Items listed in a dataset:
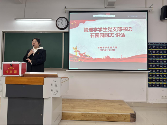 2025年12月15日,经济与管理学院管理学学生支部在二教508顺利召开预备党员转正大会,讨论并表决沙汀新等5名同志的转正申请。支部书记石园园、学院党总支纪检委员叶赵强出席会议,支部全体党员参加。会议由王艺桐同志主持。
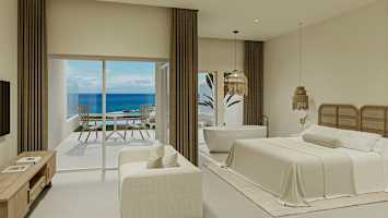 1-romsleilighet med havutsikt og direkte utgang til delt, privat basseng
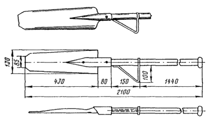 3.9. Прокладка кабелей СТС и PC ручным способом3.9.1. Перед рытьем траншеи намечают в грунте ее боковые линии. Места пересечения трассы табеля с другими подземными сооружениями обозначают колышками с надписями «Кабель», «Водопровод», «Дренаж» и т.п. 3.9.2. При рытье траншеи ручным способом землю выбрасывают на одну сторону (в сторону поля). Если имеются дерн или мостовые покрытия (булыжник, асфальт, щебень и т.п.), то их следует складывать в штабеля на другой стороне так, чтобы после засыпки траншеи использовать для покрытия разрытого места. 3.9.3. До глубины 30 см траншею роют обычной лопатой, а далее траншею углубляют специальной лопатой (рис. 3.4), для штыковой части которой рекомендуется применять сталь толщиной 2 мм. Рис. 3.4. Специальная лопата для рытья траншей. 3.9.4. Глубина траншеи должна быть не менее 1,2 м. Минимальная ширина траншеи для прокладки кабелей приведена в табл. 3.3. Таблица 3.3 Минимальная ширина траншеи для прокладки кабелей
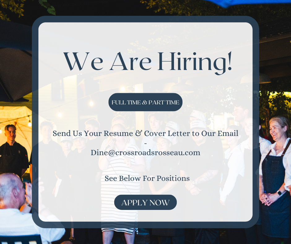 Crossroads Restaurant in Rosseau is looking for warm, professional, and service-driven individuals to join our front-of-house team.
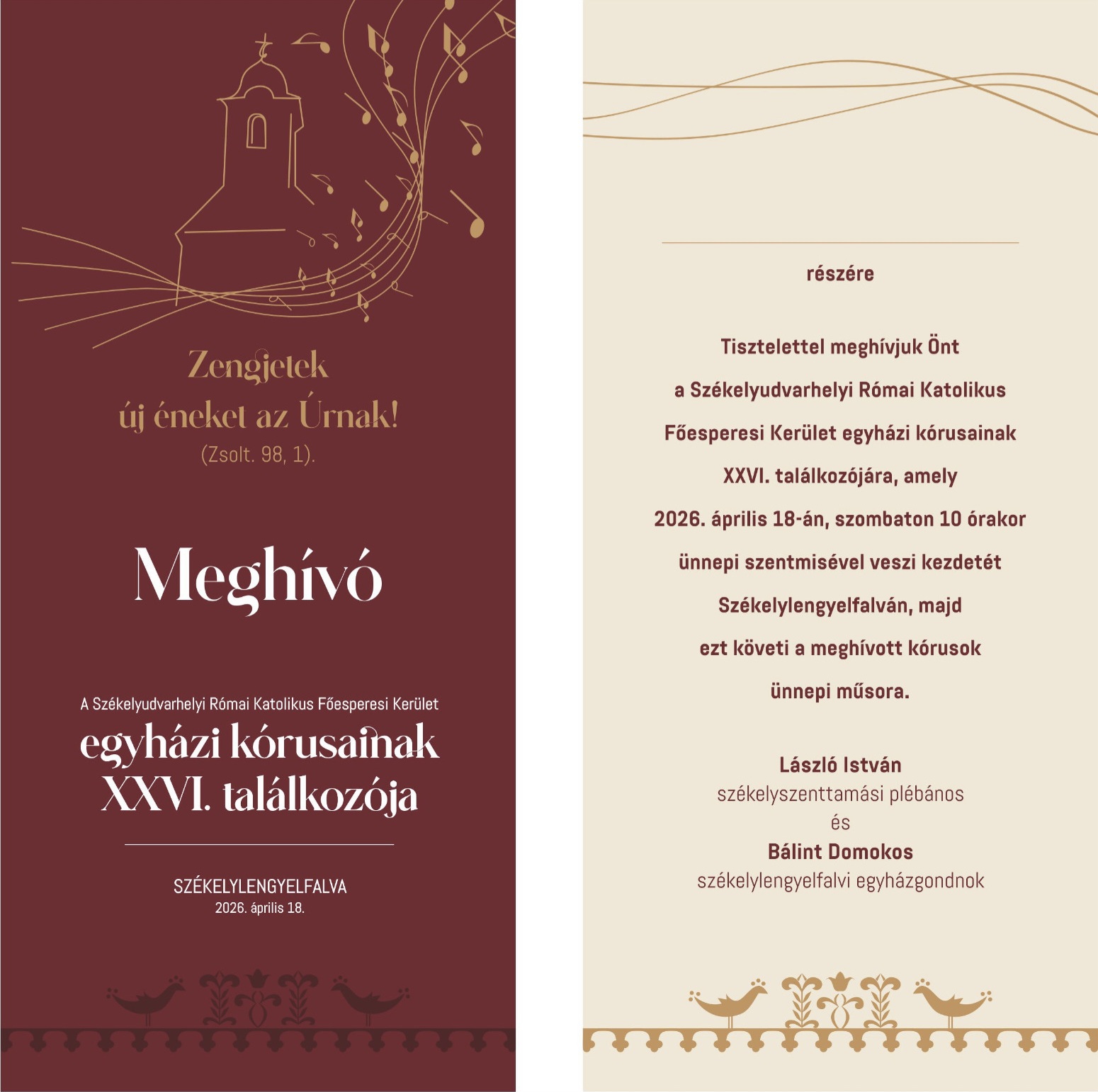 A szervezők és támogatók nevében László István székelylengyelfalvi plébános minden jóakaratú embert hív és vár a szép eseményre, hogy aki e találkozón résztvesz, feledje el egy pillanatra a világban tapasztalható borzalmakat, lépjen be néhány órára az énekek segítségével a mennyei Jeruzsálembe. Így ugyanis már előre átélhető az, amit a megdicsőült lelkek tapasztalnak: Krisztus győz a bűn, az igazságtalanság és halál fölött. Evilági fájdalmaink az ő megdicsőült sebhelyeinek fényével egyesülnek, és eljön egyszer az idő, amikor teljesen fölszabadultan mi is bekapcsolódhatunk az „új ének” dallamába.

- _TASK DIRECTIONS_: Exactly as they appear above, print all the lines, but not the pictures.

- _RESPONSE TO THIS EXERCISE_:
 2025年12月15日,经济与管理学院管理学学生支部在二教508顺利召开预备党员转正大会,讨论并表决沙汀新等5名同志的转正申请。支部书记石园园、学院党总支纪检委员叶赵强出席会议,支部全体党员参加。会议由王艺桐同志主持。
 1-romsleilighet med havutsikt og direkte utgang til delt, privat basseng
 3.9. Прокладка кабелей СТС и PC ручным способом3.9.1. Перед рытьем траншеи намечают в грунте ее боковые линии. Места пересечения трассы табеля с другими подземными сооружениями обозначают колышками с надписями «Кабель», «Водопровод», «Дренаж» и т.п. 3.9.2. При рытье траншеи ручным способом землю выбрасывают на одну сторону (в сторону поля). Если имеются дерн или мостовые покрытия (булыжник, асфальт, щебень и т.п.), то их следует складывать в штабеля на другой стороне так, чтобы после засыпки траншеи использовать для покрытия разрытого места. 3.9.3. До глубины 30 см траншею роют обычной лопатой, а далее траншею углубляют специальной лопатой (рис. 3.4), для штыковой части которой рекомендуется применять сталь толщиной 2 мм. Рис. 3.4. Специальная лопата для рытья траншей. 3.9.4. Глубина траншеи должна быть не менее 1,2 м. Минимальная ширина траншеи для прокладки кабелей приведена в табл. 3.3. Таблица 3.3 Минимальная ширина траншеи для прокладки кабелей
 Crossroads Restaurant in Rosseau is looking for warm, professional, and service-driven individuals to join our front-of-house team.
 A szervezők és támogatók nevében László István székelylengyelfalvi plébános minden jóakaratú embert hív és vár a szép eseményre, hogy aki e találkozón résztvesz, feledje el egy pillanatra a világban tapasztalható borzalmakat, lépjen be néhány órára az énekek segítségével a mennyei Jeruzsálembe. Így ugyanis már előre átélhető az, amit a megdicsőült lelkek tapasztalnak: Krisztus győz a bűn, az igazságtalanság és halál fölött. Evilági fájdalmaink az ő megdicsőült sebhelyeinek fényével egyesülnek, és eljön egyszer az idő, amikor teljesen fölszabadultan mi is bekapcsolódhatunk az „új ének” dallamába.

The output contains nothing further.